The Bold' s appear to have been blacksmiths who lived and worked in a village outside Brecon, and the father of Hugh Bold was ‘trumpeter to the Corporation of Brecon.’ Hugh Bold became a lawyer's clerk at the Brecon office of John Philipps (of Tre-gaer near Llanfrynach — see Theophilus Jones, IV, 37), m. his employer's daughter, and eventually succeeded him in the business. In this way he rose from humble beginnings to become a very prominent man in the affairs of the borough (four times bailiff), and was attorney for the Cyfarthfa and other iron-works in the early days of the industrial revolution.

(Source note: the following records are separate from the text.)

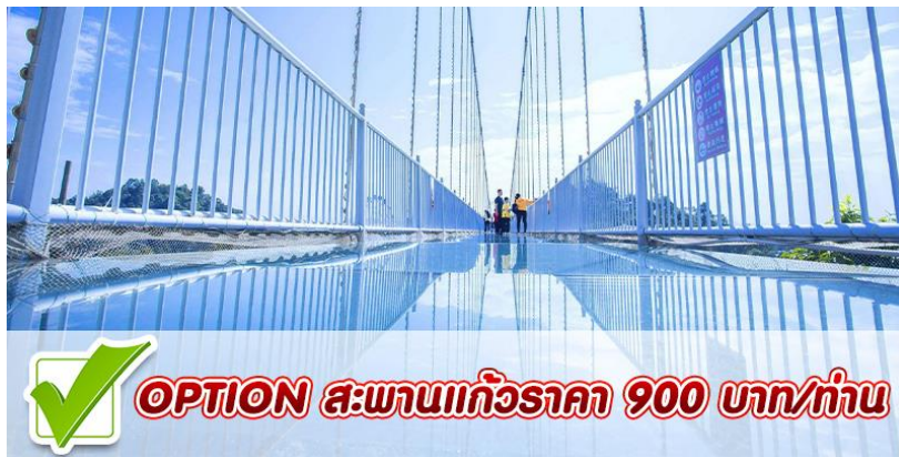
OPTION สะพานแก้วราคา 900 บาท/ท่าน

Option สะพานกระจกสามมิติเทียนเฉียนวิลล่า สะพานกระจก 3 มิติชื่อดัง ของ Dongguan Yinxian Villa สะพานกระจกยาว 286 เมตร กว้าง 3 เมตร สูง 92 เมตร เมื่อคุณก้าวขึ้นไปบนทะเลสาบ Yinxian จะมองเห็นภาพรวมของทิวทัศน์ที่สวยงามของเมือง พร้อมกับความตื่นเต้น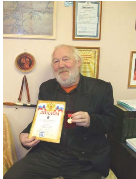
...Главный редактор также удостоен Некрасовской премии за личный творческий вклад в современную русскую литературу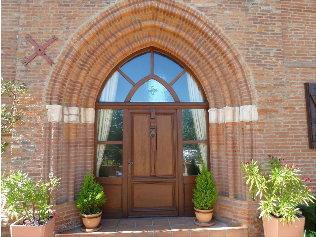
Fig. 10 : Vestiges de l'abbaye de Goujon, ancienne abbatiale ?, le portail nord.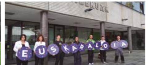
BEONE SOPELAKO LANGILEAK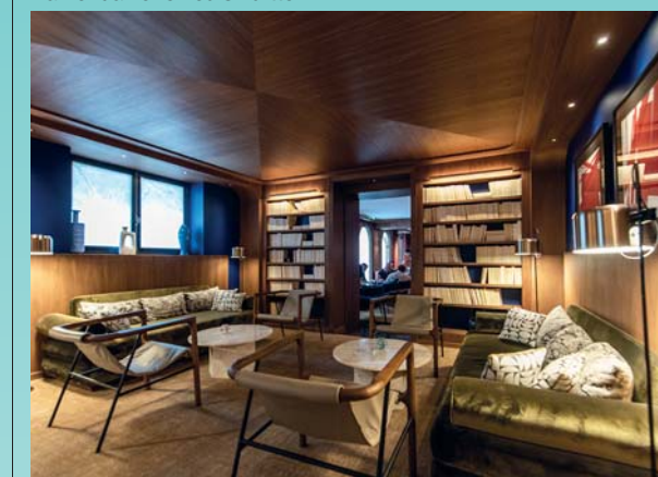
Il bar James Joyce al Pavillon Faubourg Saint-Germain &amp; Spa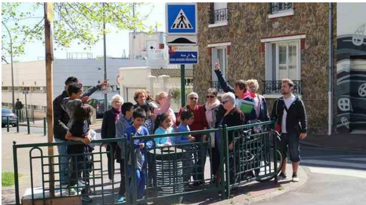
Jeunes et moins jeunes à l'occasion du permis piéton en 2016

Afin de protéger les enfants et prévenir des dangers liés aux déplacements pédestres, la Mairie de Suresnes encourage depuis peu les enfants à passer leur « permis piéton ». Celui-ci permet de les sensibiliser et de les responsabiliser sur les réflexes à adopter lors de leurs déplacements. La Maison pour la vie citoyenne et l'accès au droit (MVCAD) a créé deux « permis » à l'intention des populations les plus exposées : enfants et seniors. Un groupe intergénérationnel, associant une dizaine d'enfants et autant de personnes âgées, suit un parcours dans les rues de Suresnes. L'animatrice, qui joue les guides, pose des questions, rappelle les règles du code de la route, décrypte la signalisation, commente les situations dangereuses... L'objectif est de sensibiliser les participants aux dangers de la rue et de veiller à leur sécurité.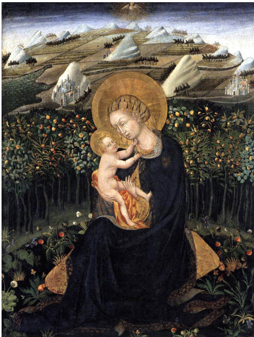
Fig. 13. Virgen de la Humildad , Giovanni di Paolo, ca. 1442, Boston, Museum of Fine Arts.

Un caso especial es la Virgen con santos de Rossello di Jacopo Franchi (primer cuarto del siglo XV, Barcelona, MNAC) [Fig. 14]. No es el único en el que la Virgen de la Humildad no aparece en contacto directo con el suelo y, sin embargo, no podemos sino contemplar su pertenencia a este tipo iconográfico, pues su postura es la misma que las de otras imágenes del mismo: sobre un cojín y con una rodilla por encima de la otra. Bajo María, en el ámbito terrenal, el suelo es herbáceo y hay además un jarrón con azucenas y rosas rojas. La ausencia de un jardín podría verse suplido con estas flores, dispuestas artificialmente y, por tanto, alejadas del estado silvestre del prado. Más allá de esta interpretación, las flores son las mismas que predominan en otras imágenes, que veremos a continuación.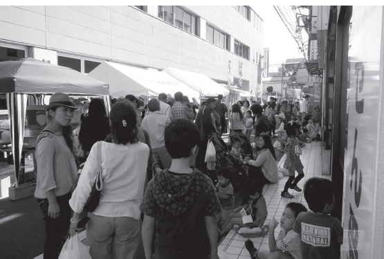
↑女子医大通り宮前商店会の「宮前わくわくコミュニケーション」。昨年に続き2回目

内容としては、子ども・家族向けのゲーム、模擬店、秋の味覚や区内共通お買い物券等の景品が当たる抽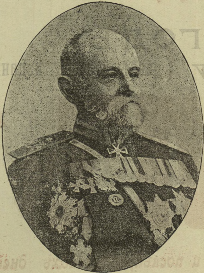
Командующий 1-й Манчжурской армией генерал-отъ-инфантеріи П. П. ЛИНЕВИЧЪ.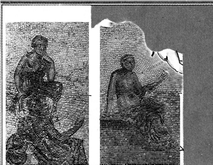
Fig. 16- Mosaico con la ninfa Metope en el Mosaico de Fernán Nuñez (Córdoba). Finales del siglo III.

Se identifica a la ninfa Metope, madre de Egina, en el pavimento perdido de Fernán Nuñez (Córdoba), ya citado, dentro del episodio mitológico del rapto de su hija (Fig. 16). Esta representación constituye un unicum en la musivaria romana.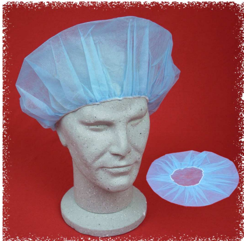
CEB0021 – Cuffia con elastico, leggero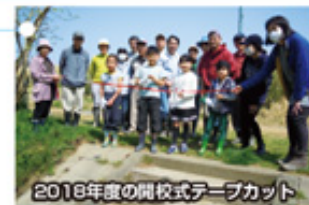
2018年度の開校式テープカット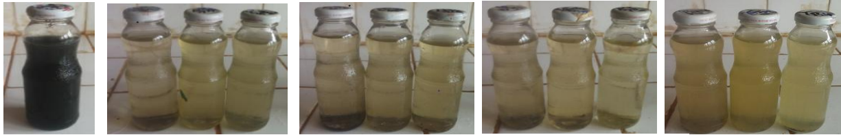
155 a) Eau Brute b) Effluents des filtres à 156 biochar à base des rafles 157 de maïs c) Effluents des filtres à 158 biochar à base des coques d) Effluents des filtres à biochar à base des Coques e) Effluents des filtres à sable (Témoin)

153 Le figure 5 présente l'eau brute et les effluents issues des filtres. A l'observation nous constatons que par rapport à 154 l'eau brute, les effluents des filtres sont plus clairs.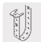
Cinta impresa por ambos lados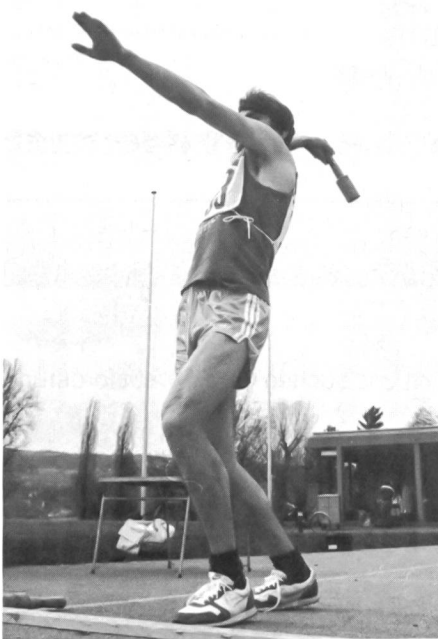
Beim Frühjahrs-Dreikampf in Steckborn musste mit dem Wurfkörper ein kleines Ziel in 20 Meter Entfernung getroffen werden.

Der UOV Bischofszell plant ein eigenes Klublokal mit Materialmagazin. Eine Holzbaracke, die kostenlos übernommen werden kann, soll in Fronarbeit aufgebaut werden und 24 Personen Platz bieten.

He was also a pillar of Wesleyan Methodism in Brecon; as steward of Wesley's Society he frustrated lady Huntingdon's attempt at monopolizing the first Methodist chapel there (c. 1771). John Wesley wrote of him: ‘I know no attorney to be depended on like him’; and the Moravian Benjamin La Trobe speaks of him with great respect.
He m. twice. His first wife, Elizabeth, d. 31 Oct. 1781; and from this marriage the later Bolds of the shire are descended — see the history of the family by David Verey in Brycheiniog, 1960. He m., c. 1782, Dorothy, daughter of his old master John Philipps (many years after her father's d. in 1763); Dorothy d. in 1806 (Theophilus Jones, II, 95).
He d. 10 Feb. 1809; his descendants have occupied high positions in the borough and the shire.